As pundits grapple with Donald Trump’s unlikely ascendancy to the presumptive nominee of the Republican party, they often cite his so-called “populist” appeal. In a new, must read piece at Vox, Matthew Yglesias dismantles this analysis, noting that not only are Trump supporters largely not struggling financially, but that “[t]o understand the patterns of support and opposition to Trump, you have to talk about race.”
The full article, “You can’t talk about Trump’s rise without talking about racism,” is available online here and is excerpted below:
It’s taboo in the United States to throw around accusations of racism. And obviously nobody can be sure what’s in the heart of Donald Trump or his voters.
But we do know that the unusual geographic pattern of Trumpism — stronger in the South and Northeast than in the Midwest or West — corresponds to the geography of white racial resentment in the United States. We also know that Trump rose to political prominence based on the allegation that America’s first black president wasn’t a real American at all, and launched his 2016 campaign with the allegation that Mexican immigrants to the United States are largely rapists and murders.
We know that this kind of rhetoric does not resonate with nonwhite Americans but has appealed to white voters in the kinds of places — some poor, others affluent — where the level of racism among the white population is unusually high.
Leaving this racial element out of the story not only paints a false portrait of Trump’s rise, it makes it impossible to understand the resistance to Trump in some segments of the GOP elite. It’s true that Trump has been less than entirely orthodox on some important policy issues. But that was also true of George W. Bush, John McCain, and Mitt Romney.
Part of the difference is that Trump simply hasn’t kissed the right rings in an effort to have his past deviations expunged. But a big part of the difference is that over the past 15 years the Republican Party has been trying to respond to the shrinking white share of the population by broadening its demographic appeal. There have been plenty of disagreements about exactly how to do that, but building bridges to black and Latino voters has been a common goal.

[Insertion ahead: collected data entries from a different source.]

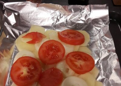- Las extendemos en el fondo del papel Aluminio sobre el aceite.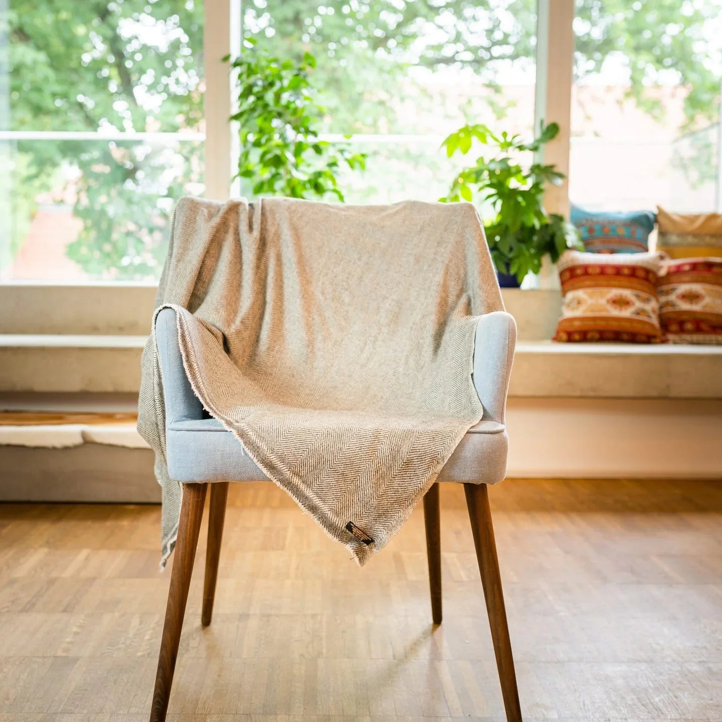 Kaschmirdecke mit Fischgratmuster - grau - 135 x 270cm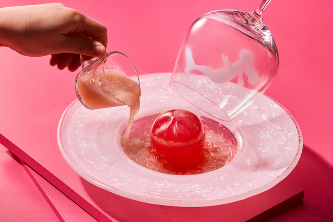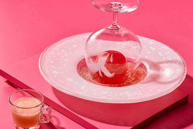 注目はウェルカムデセール。桃の形をした飴の中には、桃のエスプーマ、桃のソルベと桃の果実が。華やかな桃の味わいを、どうぞご堪能ください。また、カフェラテや和紅茶など20種以上のドリンクをフリーフローでお楽しみいただけます。

Trump represents, in effect, abandonment of that goal in favor of a very different idea of responding to the shrinking white share of the population by politicizing and mobilizing white identity while downplaying free market doctrines. That, in turn, reflects a broader trend in right-of-center politics that is also manifesting itself in different ways everywhere — from the UK and France to Sweden and Finland, a trend that threatens the ideals many American conservative leaders are deeply committed to.
It’s polite to both Trump and his supporters to sweep this all under the rug with hazy talk of “anti-establishment” feeling. But to do so completely misses a huge part of what the conflict between pro- and anti-Trump forces is actually about — is the Republican Party going to be an ideological party or an ethnic one?